▶ _Collected material_:
————
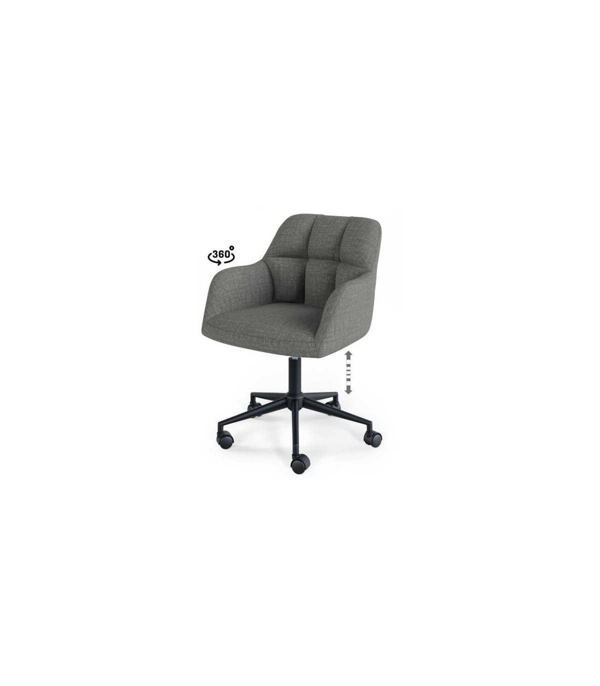 Esta silla de oficina combina comodidad y estilo en un diseño sofisticado y elegante tapizada en gris oscuro, ideal para oficinas modernas, home offices o áreas de estudio.
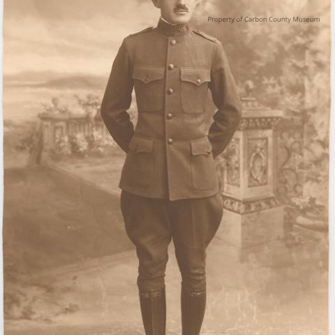 Black & white studio portrait of a man in military uniform. His arms are held behind his back & he has a mustache. His jacket has shoulder epaulet, a high collar, five buttons down the front, four large pockets with one button on flap. The pants are wide at the thigh & narrow at the knee with four buttons on the outside at the knee. Leather wraps surround his leg from the knee down to the ankle. His shoes are leather &lace & tops are under the gators. His hat has a short bill, tall crown with military insignia & flat round top.
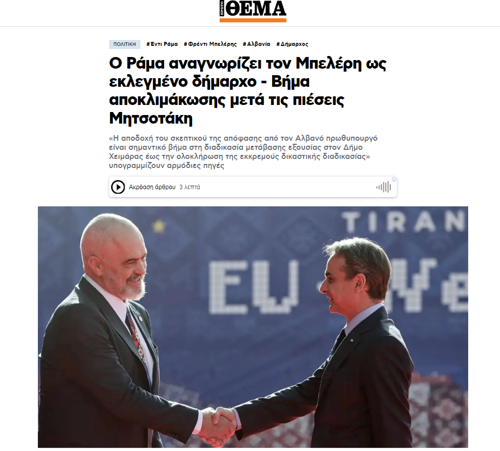 Media greke Protothema e ka quajtur “zhvillim shumë të rëndësishëm për perspektivën e zgjidhjes së çështjes Beleri” qëndrimin e Kryeministrit Edi Rama që kryebashkiaku Jorgo Goro të mos qendrojë më në detyrë pasi humbi zgjedhjet.
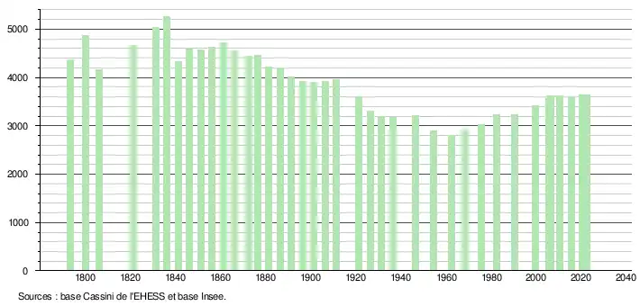 - ↑ Fiches Insee - Populations de référence de la commune pour les années 2006, 2007, 2008, 2009, 2010, 2011, 2012, 2013, 2014, 2015, 2016, 2017, 2018, 2019, 2020, 2021 et 2022.
————
▶ _What you will do_: Without including any images, output the data exactly as given.

▶ _Task result_:
 Esta silla de oficina combina comodidad y estilo en un diseño sofisticado y elegante tapizada en gris oscuro, ideal para oficinas modernas, home offices o áreas de estudio.
 Black & white studio portrait of a man in military uniform. His arms are held behind his back & he has a mustache. His jacket has shoulder epaulet, a high collar, five buttons down the front, four large pockets with one button on flap. The pants are wide at the thigh & narrow at the knee with four buttons on the outside at the knee. Leather wraps surround his leg from the knee down to the ankle. His shoes are leather &lace & tops are under the gators. His hat has a short bill, tall crown with military insignia & flat round top.
 Media greke Protothema e ka quajtur “zhvillim shumë të rëndësishëm për perspektivën e zgjidhjes së çështjes Beleri” qëndrimin e Kryeministrit Edi Rama që kryebashkiaku Jorgo Goro të mos qendrojë më në detyrë pasi humbi zgjedhjet.
 - ↑ Fiches Insee - Populations de référence de la commune pour les années 2006, 2007, 2008, 2009, 2010, 2011, 2012, 2013, 2014, 2015, 2016, 2017, 2018, 2019, 2020, 2021 et 2022.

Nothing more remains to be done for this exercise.